The Disciplined Yogi Sticks to the Program

Sep 25, 2017 | Yoga practices | 0 comments

photo of hammock in a garden

At present, early in the season, it’s hot and sultry. I feel lazy. I don’t want to do anything except lie in my hammock, dozing off with an unchallenging book.

Returning from a long overseas winter holiday has done nothing to improve my discipline. It’s been so very hard to kickstart my practice after two months of travelling. Yet I have done it now. 

Getting back into the routine of writing weekly blog posts has been harder. I’ve been sitting at my computer and immediately think of chores: watering, laundry, grocery shopping. Email needs answering and phone calls returned. I certainly don’t want to be sitting at my computer trying to find something fresh and interesting to say.

But here I am, writing away, because that’s what I do.

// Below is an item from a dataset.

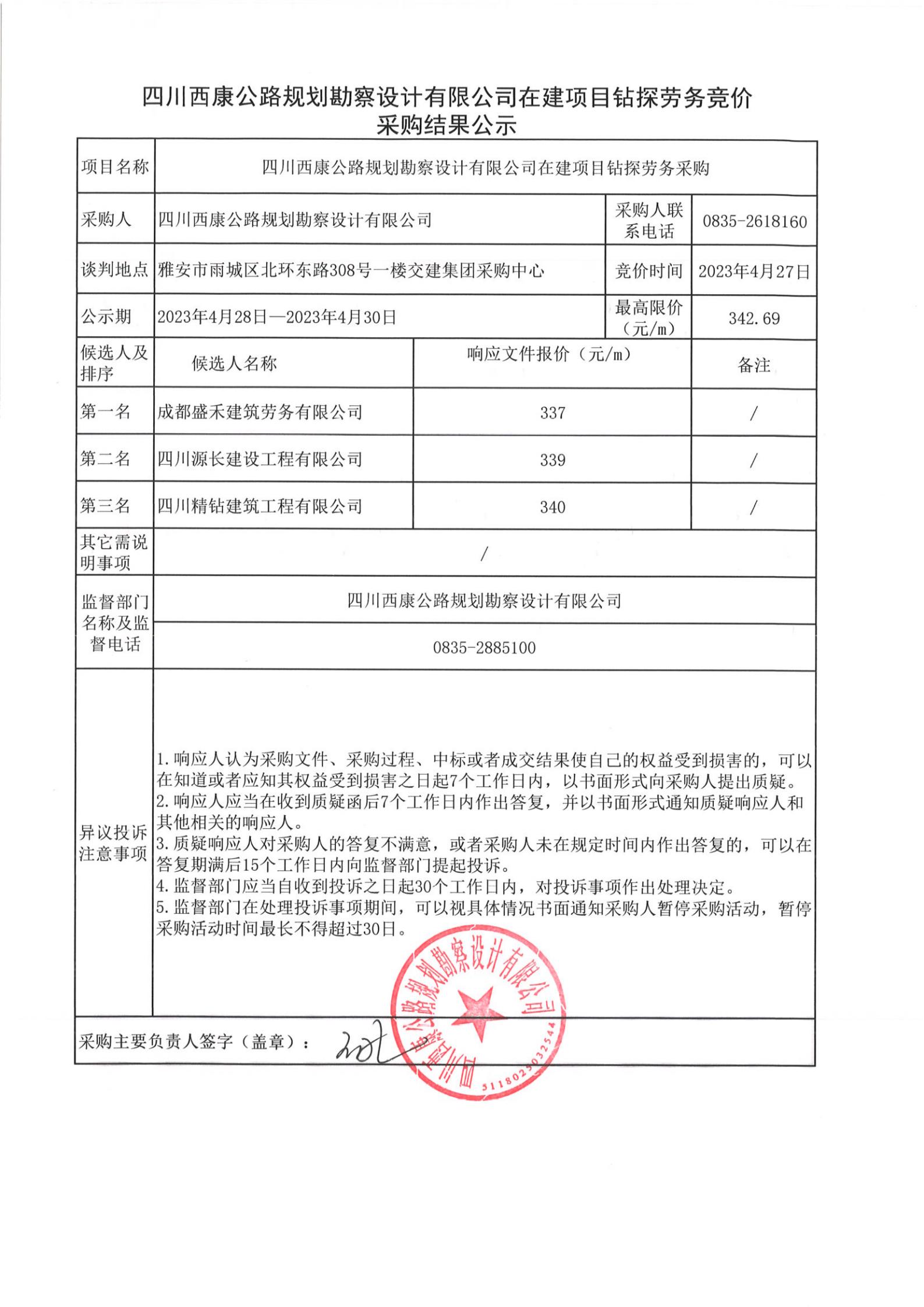 四川西康公路規(guī)劃勘察設(shè)計(jì)公司在建項(xiàng)目鉆探勞務(wù)競價采購結(jié)果公示

Eventually I find my disciplined writing muscles. I feel I need to be the one carrying the flag for discipline when others have gone off to lie in their own hammocks.

That wise yogini, Judith Lasater, has said that the most important part of yoga practice is consistency. Veteran yoga practitioners, and writers as well, appreciate the power of routine.

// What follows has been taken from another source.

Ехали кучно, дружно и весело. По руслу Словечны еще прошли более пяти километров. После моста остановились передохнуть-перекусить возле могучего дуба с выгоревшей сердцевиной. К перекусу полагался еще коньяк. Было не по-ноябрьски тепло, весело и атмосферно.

I get up each morning and, more often than not, I meditate with my husband. When we started doing this, our commitment wavered. Then we became more regular, simply because meditating is a good thing to do. Just as old meditators report, life goes better with meditation.

Now, I’m back in my routine. In the a.m., pretty much without missing a beat, I go off to the Yoga Shed to do my practice. The disciplined yogi back doing practice an hour and a half, six days a week.

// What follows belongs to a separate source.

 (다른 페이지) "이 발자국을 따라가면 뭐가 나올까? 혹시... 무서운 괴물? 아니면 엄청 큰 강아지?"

Okay, in the interest of full disclosure, on a particularly sparkling summer’s morning, I might opt for walking on the beach instead. I’ll be thinking, I’ll get to my practice in the cool of the evening. Do I? Well, sometimes that southerly doesn’t come through, and then neither do I.

Here’s the point, though. After a while, weeks or months or years, we’re better off dispensing with all the options. It’s more freeing to stick to the program. This is where the expression ‘discipline is freedom’ comes from.

I recommend it.

And, if you happen to get the work done, there might just be enough time left for the hammock.